Эльза приходила в шесть утра и тут же принималась меня будить и готовить к обряду умывания и завтрака. Она таскала меня за волосы за малейшую провинность и заставляла тереть зубы под «айнс-цвай-драй», и так до пятидесяти. Потом я должна была считать сама, расчесывая волосы. Не помню, до какой цифры мы успели дойти. После этой муштры Эльза сажала меня к столу, подложив мне под ноги толстые тома русской и нерусской классики. Тогда выпускали такие издания для пролетариата: весь Флобер в одном огромном томе. Или весь Салтыков-Щедрин.

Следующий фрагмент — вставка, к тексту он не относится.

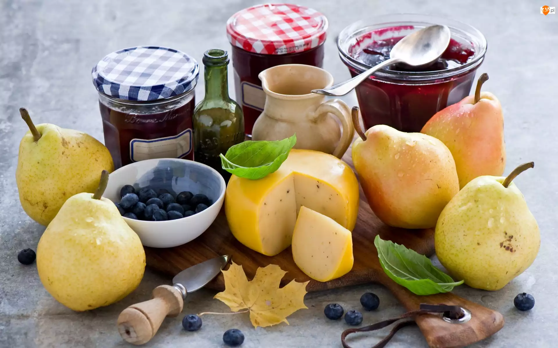 Słoiki, Dżemy, Borówki, Łyżeczka, Gruszki, Butelka, Kompozycja, Dzbanuszek, Sery, Deska

Впрочем, Эльзе наверняка было совершенно неважно, кто именно лежал у меня под ногами. Главное, чтобы я ими не болтала. Еще по одному тому она засовывала мне в подмышки — чтобы локти не касались стола и руки учились изяществу застольных манер. Разговаривать с горе-гувернанткой позволялось только по-немецки. По этой причине я и поняла, что сказал Теодор. По той же причине я еще в детстве решила, что не хочу знать немецкий язык принципиально.
Второй раз я услыхала про Ласкер-Шюлер от Макса, бомжа, проживавшего в подъезде на Алленби. В этом доме жила моя приятельница. Очень интеллигентный дом, сплошь заселенный одухотворенными людьми. Они подарили Максу новый матрац, на котором ночью он спал, а утром ставил его к стене. Еще они — жильцы — по очереди кормили бомжа завтраком и обедом. Ужин Макс оставлял врагу. Еду он брал, но есть в квартирах отказывался. И все свое возил по Тель-Авиву в маленькой тележке. По Ницше, объяснял, надо бы носить все свое на собственной спине, но сил уже нет. А от квартирки, выхлопотанной заботливыми жильцами у городских властей, отказался. Объяснил, что у него есть большая квартира, которую он закрыл, чтобы жить по закону Заратустры. И вообще он не живет, а дожидается священного часа, когда ему удастся воссоединиться с его возлюбленной Эльзой.
Макс рассказывал, как нежны и безбрежны были объятия его умершей возлюбленной, после чего выкрикивал ее стихи. По-немецки, разумеется. Особенно ему нравилось стихотворение, которое я перевела, записывая за Максом слова: «Когда глядим глаза в глаза, / Глаза — твои, мои — сияют <…> / И все вокруг — сплошная благодать, / Очерченная звездным кругом. / А мы летим, оставив этот свет. / Мы ангелы с тобою. Разве нет?»
Вообще-то огромный лохматый и согбенный Макс не был похож на канонического ангела, хотя Бог весть, как эти артефакты мироздания могут выглядеть. Не мог он быть и любовником Эльзы Ласкер-Шюлер, пусть она и записывала в фиктивные любовники чуть не каждого встреченного мужчину. Впрочем, документально подтвержденных возлюбленных у нее было тоже немало. Но Максу к моменту нашего знакомства было около шестидесяти, так что он должен был родиться году в 1930-м, тогда как Эльза Шюлер родилась в 1869 году и умерла в 1945-м. Предположить, что поселившаяся в Палестине в 1939 году семидесятилетняя поэтесса могла соблазнить и свести с ума подростка, я не осмелилась. Решила, что Макс вселяет себя в придуманный образ, как это любила делать его платоническая вечная любовь.